View attachment 501746

Mostly Autumn Seawater

One of my 2025 favourites. Track 6 - When Nations Collide and the title track form a mini-suite with an apocalyptic theme… (Yes,1970’s prog is my thing )
It took me a minute to figure out that "Seawater" is the track and "Mostly Autumn" is the band. New to me. I have been sampling their music for the last half hour. I can't make up my mind about a band doing this kind of thing in a few minutes but it sounds very promising. The closest thing in the present day that I can think of is "War on Drugs", just the electric guitar parts, not the vocal. Some metal vocal style growling which is a spoiler for me, but hopefully they don't do too much of that.
(In Canada, we have a fairly well know prog-rock band called Rush. I saw them 3 times in live performance in the early 1970s. I could not stand Lee Geddy's lead vocal and ignored them for the next 30 years. I have to admit they have put out some great music. But to me I need to hear a singer, not a screecher, yeller or growler.)
I found this interesting write up as well.

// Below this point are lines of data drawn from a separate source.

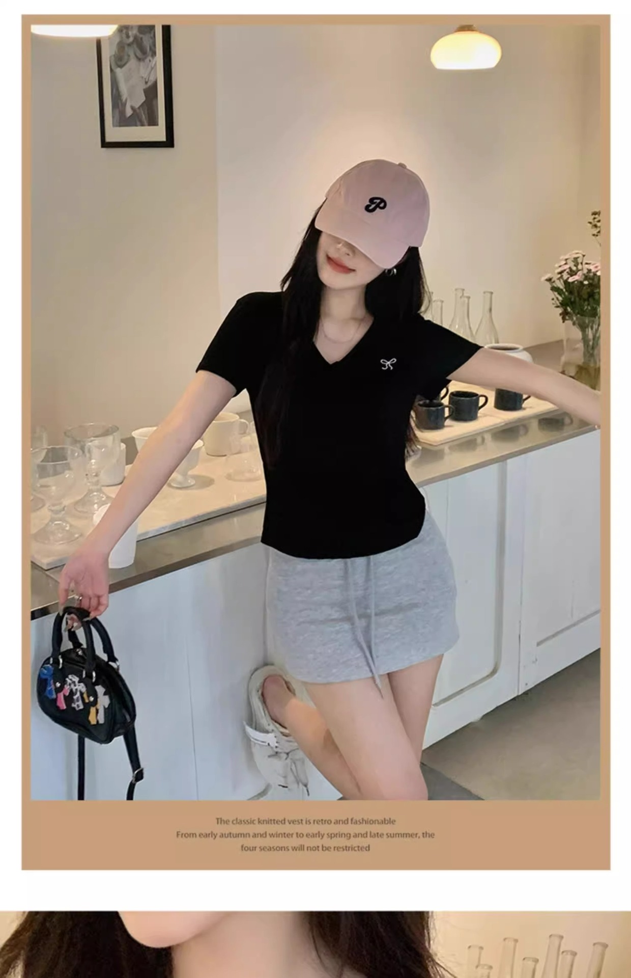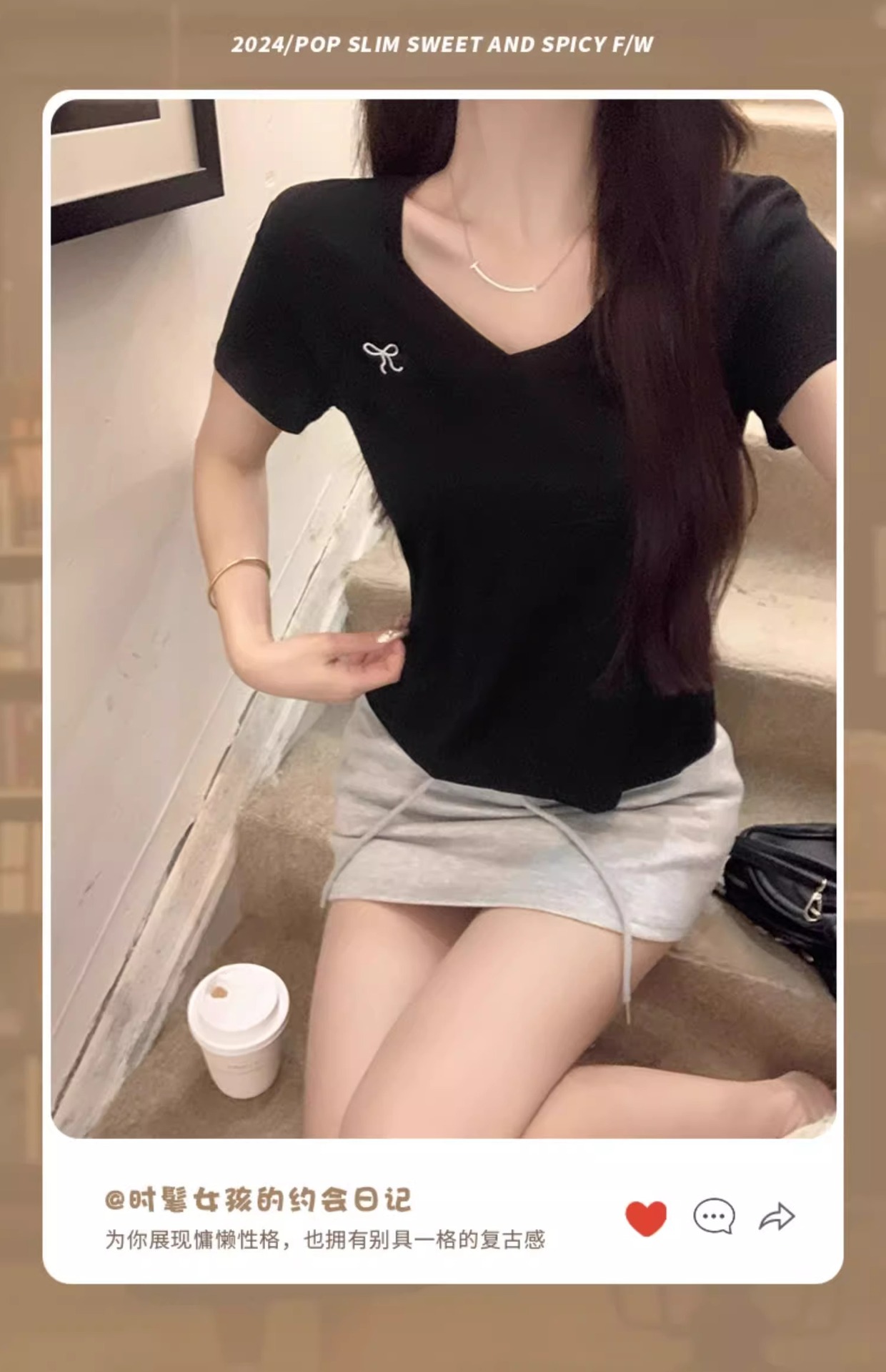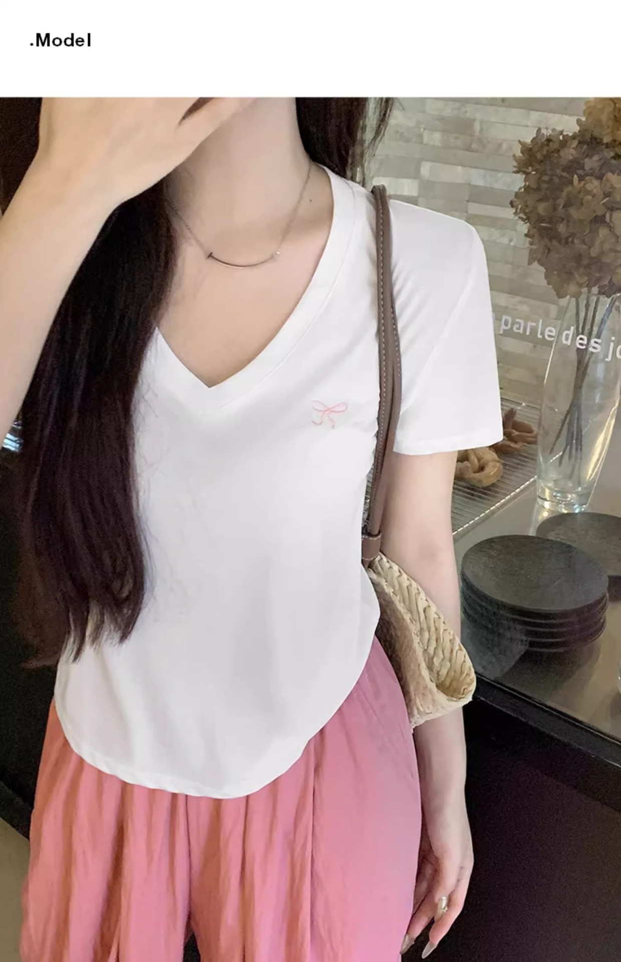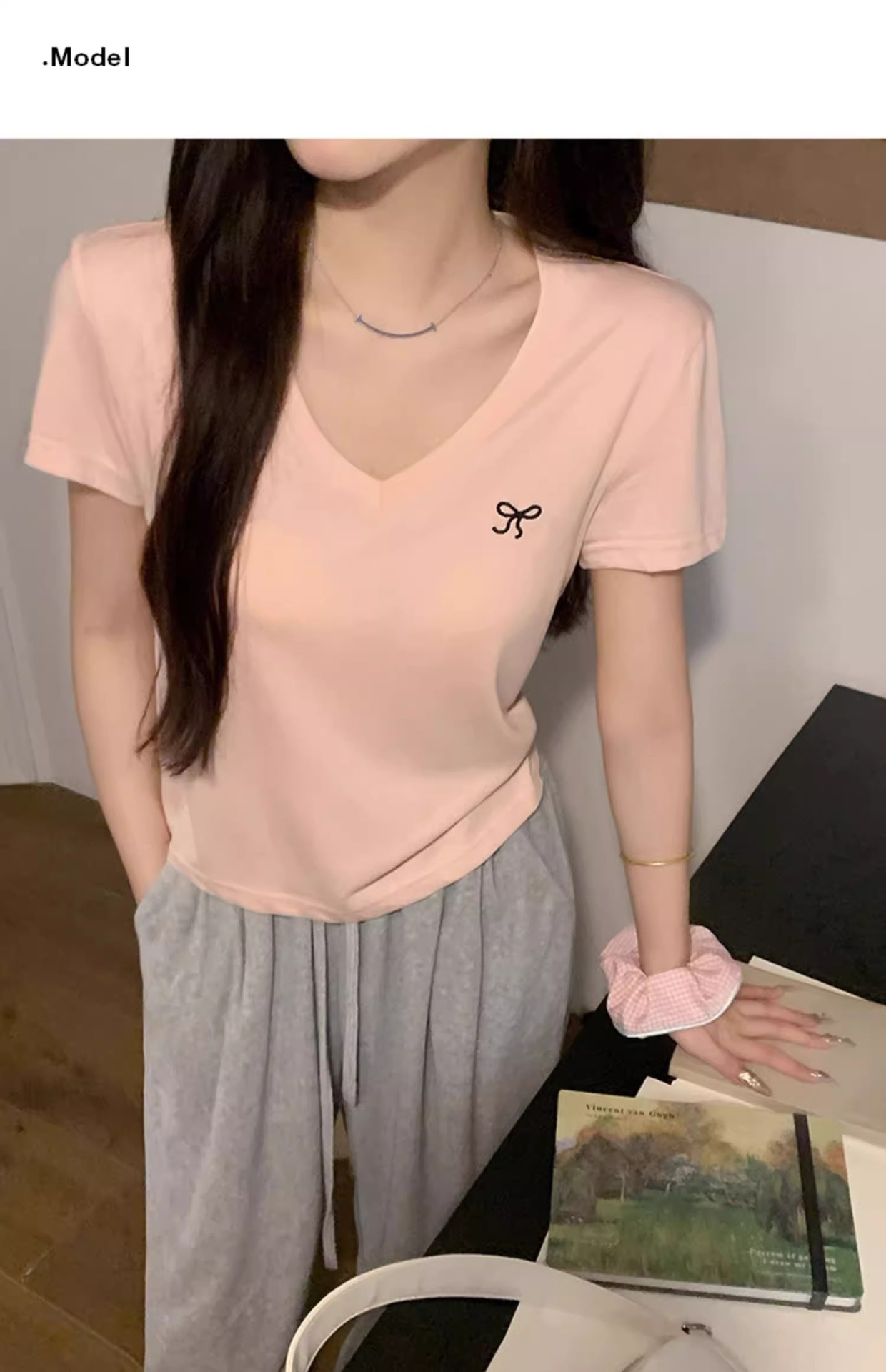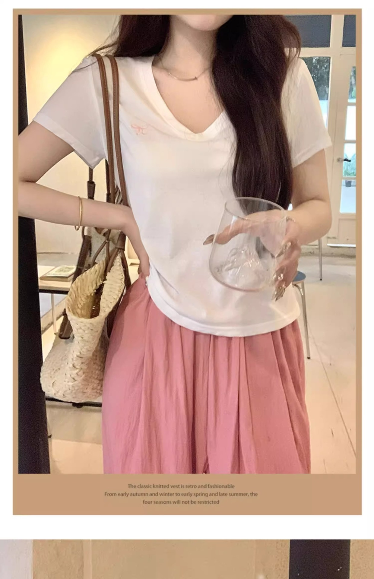 欧货v领短袖t恤女夏装新款正肩高级感休闲宽松体恤ins潮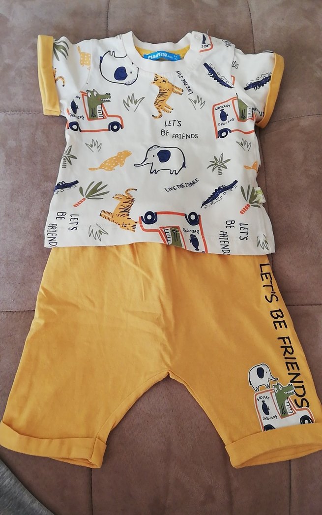 Sarı renkli, kısa kollu, hayvan baskılı bebek erkek takımı. Yumuşak sentetik kumaştan, bisiklet yaka ve renkli desenlere sahip.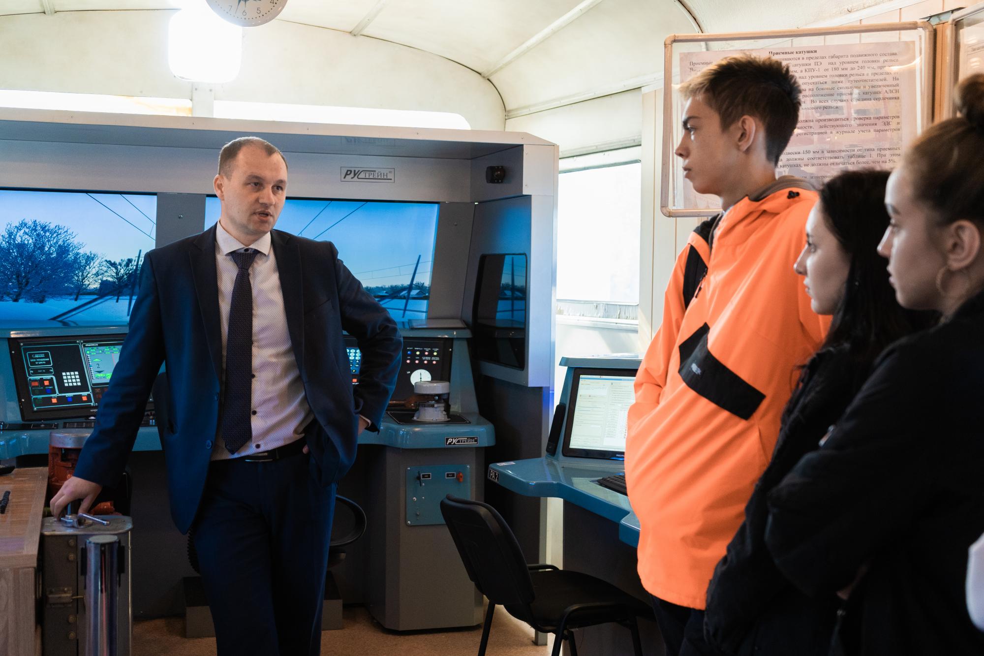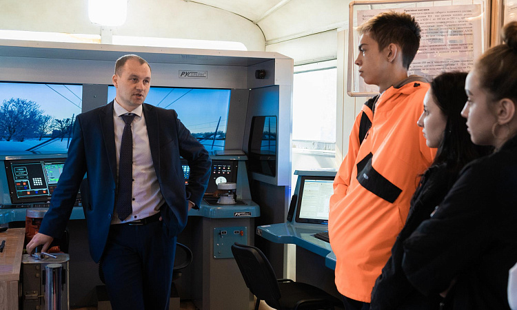Вторым пунктом экскурсионной программы стала Восточно-Сибирская дирекция моторвагонного подвижного состава. Там первокурсникам Иркутского государственного университета путей сообщения продемонстрировали работу учебных тренажеров ДМВ. Студентам удалось попробовать себя в управлении локомотивом в различных штатных и аварийных режимах.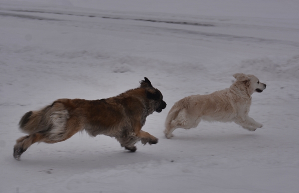 Hundarna ser ut att ha fantastiskt kul i snön :) Menar du att ni slutar prata om väder på vintern? Här tycker jag folk klagar och vill ha vår igår :)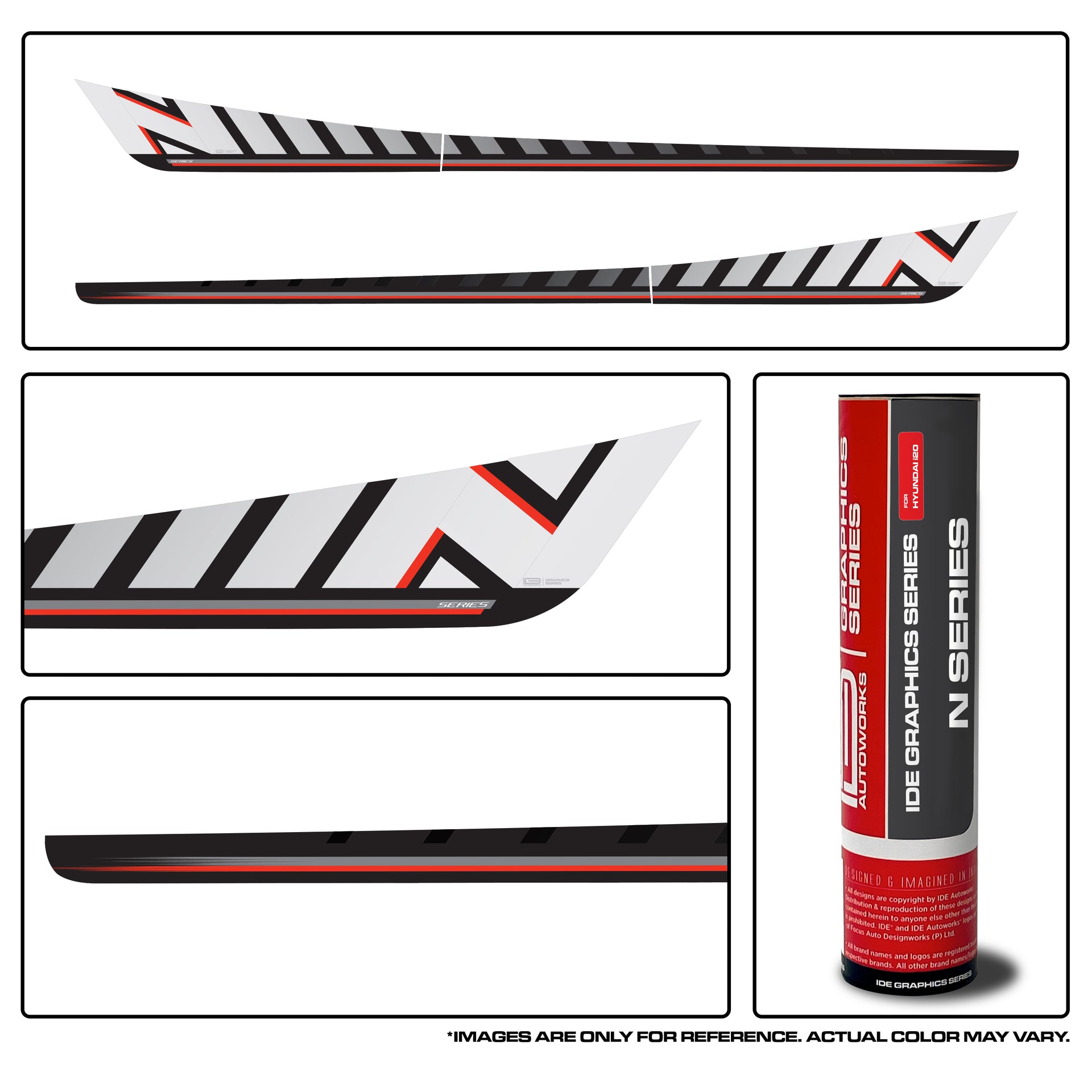 Elevate the style of your Hyundai i20 N Line with this bold, eye-catching graphic! Featuring a dynamic design with vibrant pop colors and a sleek gradient, this decal transforms your car into a statement on wheels. The graphic incorporates sharp, flowing lines that cleverly form the signature 'N' at the end, paying homage to the high-performance N Line series.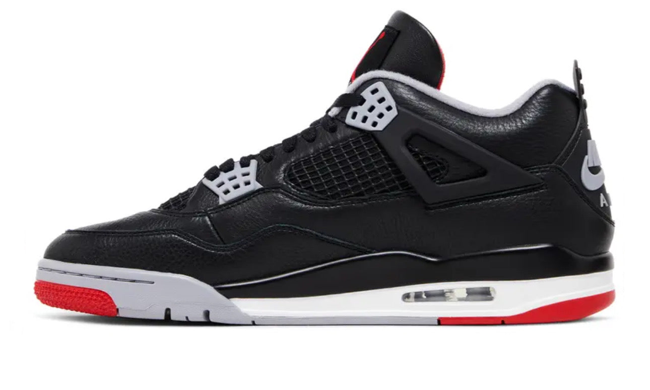 La Air Jordan 4 Retro "Bred Reimagined" ripropone l'iconica silhouette con una tomaia in pelle nera, sostituendo il nabuk del modello originale del 1989. I dettagli tradizionali includono la rete sul pannello laterale, gli occhielli sagomati grigi e il marchio Nike Air sulla linguetta del tallone. Sulla linguetta, un'etichetta Flight in tessuto mostra il logo Jumpman cremisi. La tomaia è montata su un'intersuola in poliuretano leggero, dotata di ammortizzazione Air-Sole incapsulata nell'avampiede e di un'unità Air a vista nel tallone. Sotto, una suola in gomma pre-invecchiata presenta un motivo di trazione a spina di pesce per un'aderenza superiore.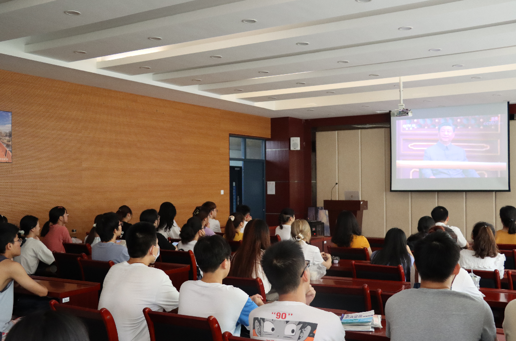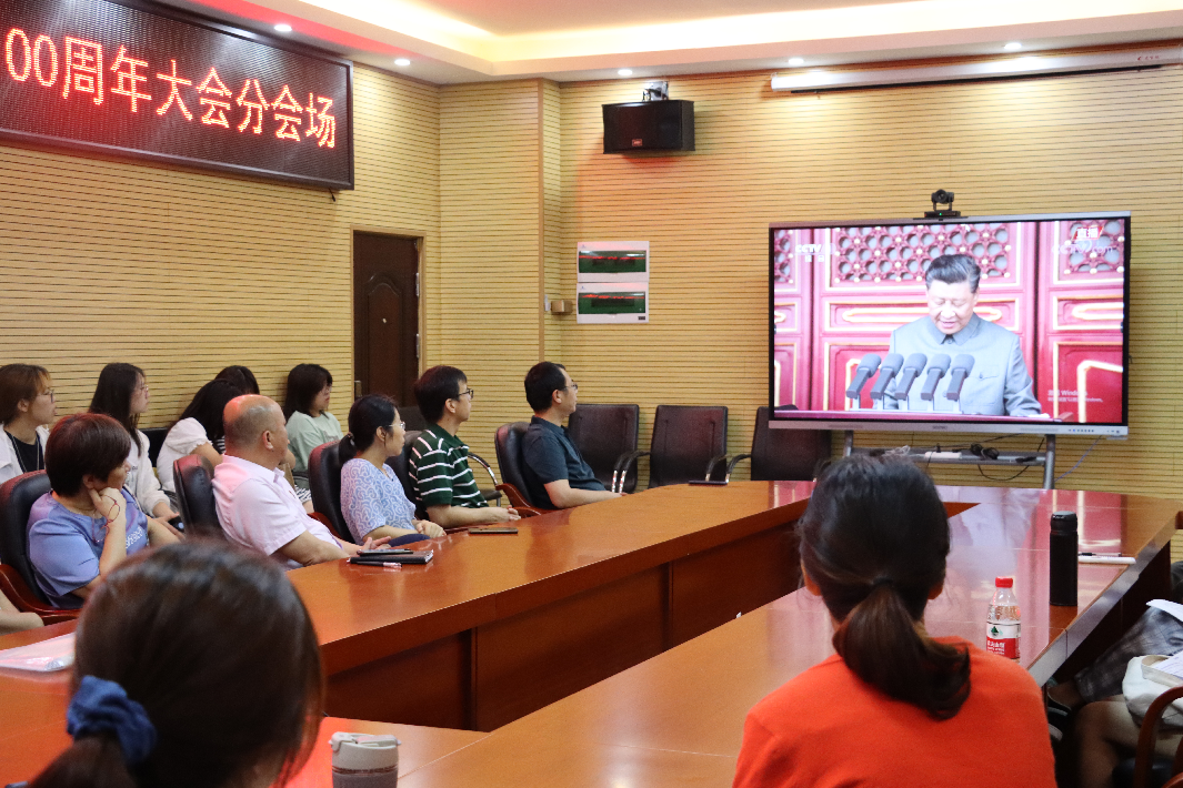 7月1日上午威尼斯官网在嘉锡楼225会议室和柏物产学术报告厅组织集中收看庆祝中国共产党成立100周年大会现场直播,院党委书记王秀萍、副书记曹仁秋等部分师生员工参加了此次集中收看活动。各党支部、团支部等也通过电视直播和网络直播同步观看。

This band has been performing for 30 years!!
Not long ago I spoke with a promoter in a Canadian city who mostly programmed mid size arenas (2-3000 attendees). He indicated that the form was dead, because bands that play that kind of space can't obtain recognition through radio play, like they could in 1973. So it's incredibly different in these days to build a following. This might also help explain the number of solo artists. But it's either play a club, or a festival in the summer only. Then nothing in between unless you're Taylor Swift and can do a stadium tour.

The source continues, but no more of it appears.